Micron just printed $23.9 billion in revenue against a $20 billion consensus, guided next quarter to $33.5 billion with gross margins approaching 81%, and the stock barely moved after hours. That reaction tells you something about where expectations already sit. But I think most of the coverage is anchored on the wrong variable. The consensus narrative is that HBM pricing power is the story, and that capacity expansion from Samsung or SK Hynix is the thing to watch for a reversal.

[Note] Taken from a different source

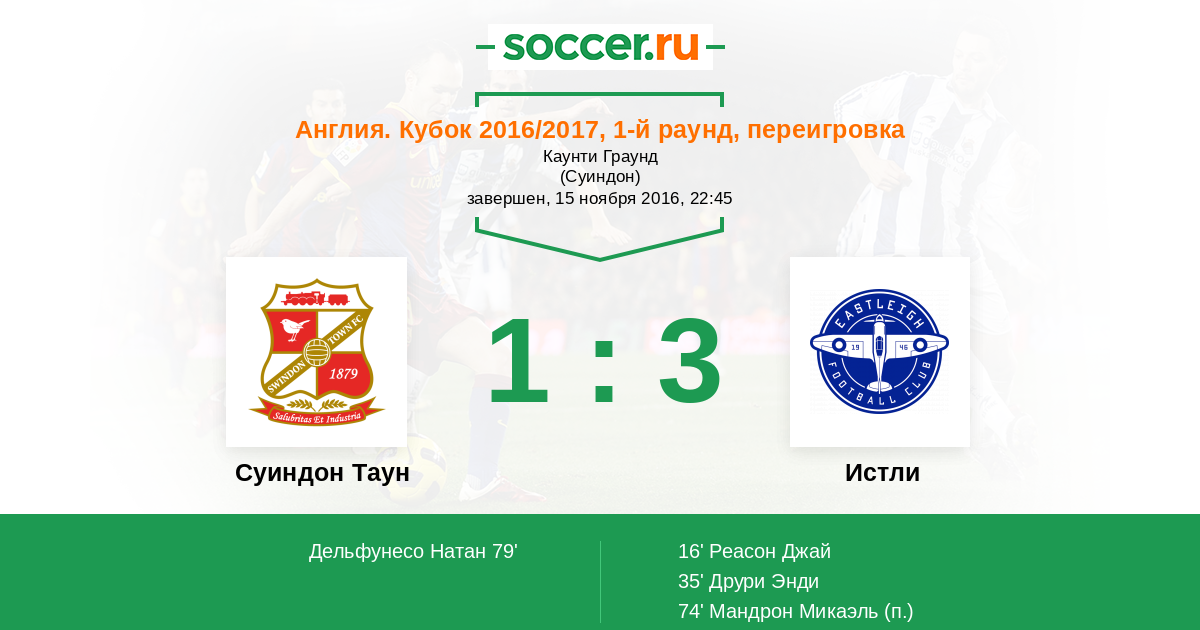 Суиндон Таун - Истли: обзор матча 15 ноября 2016

I started there too. But the more I dug into the wafer economics, the less that framing held up. HBM production consumes roughly three times the wafer capacity of standard DRAM per gigabyte. Every wafer Samsung and SK Hynix redirect toward HBM4 is a wafer that doesn't produce DDR5 or LPDDR. Samsung's DDR5 module pricing is already up 60% since September. Gartner is projecting a 47% DRAM price increase across the board in 2026. The real structural story isn't that memory makers have pricing power in HBM. It's that HBM's wafer intensity is taxing the entire memory stack simultaneously, and mid-market enterprise buyers without hyperscaler-scale contracts are getting rationed.
The break condition most people cite (Samsung or SK Hynix pulling forward HBM supply) is already happening. SK Hynix started its M15X fab four months early. Samsung is tripling HBM output. Prices are still rising. New fabs take 18-24 months to reach volume, and HBM's addressable market is growing from $35 billion to $100 billion by 2028. The supply response that actually breaks this isn't a capacity pull-forward. It's a demand shock: hyperscaler capex revisions downward, or an architectural shift that reduces memory per accelerator. Neither is visible right now, so the memory bonanza will continue!